Information supplied:
·····

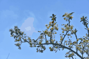 花香鸟语,蝶舞蜂鸣,满眼春光让人陶醉。蓝天白云的映衬之下,花不醉人人自醉。
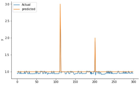To evaluate the real and predicted RUL relationship, the test dataset was used. Figure 11 shows that both real and predicted RUL (on Y-axes) are reasonably closer when you keep rounding a float number to an integer. The RUL in our real data is rounded to the closer integer at each time point whereas the predicted results are kept in floats.
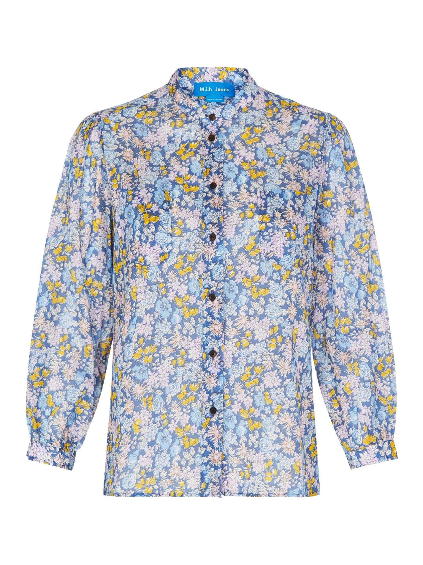 The M.i.h Jeans Lilli Shirt in Treelove print is made from a delicate lightweight cotton voile printed with a charming mini floral in blue, pink and yellow. Featuring a 3/4 sleeve, button down front and a mandarin collar.
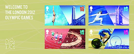 7月27日晚,第30届奥运会在英国伦敦盛大开幕,英国皇家邮政当天发行1套名为“迎接伦敦2012年奥运会”的开幕纪念邮票。

·····

The problem:
Drop the pictures, then repeat the material word for word.

Completed exercise:
 花香鸟语,蝶舞蜂鸣,满眼春光让人陶醉。蓝天白云的映衬之下,花不醉人人自醉。
To evaluate the real and predicted RUL relationship, the test dataset was used. Figure 11 shows that both real and predicted RUL (on Y-axes) are reasonably closer when you keep rounding a float number to an integer. The RUL in our real data is rounded to the closer integer at each time point whereas the predicted results are kept in floats.
 The M.i.h Jeans Lilli Shirt in Treelove print is made from a delicate lightweight cotton voile printed with a charming mini floral in blue, pink and yellow. Featuring a 3/4 sleeve, button down front and a mandarin collar.
 7月27日晚,第30届奥运会在英国伦敦盛大开幕,英国皇家邮政当天发行1套名为“迎接伦敦2012年奥运会”的开幕纪念邮票。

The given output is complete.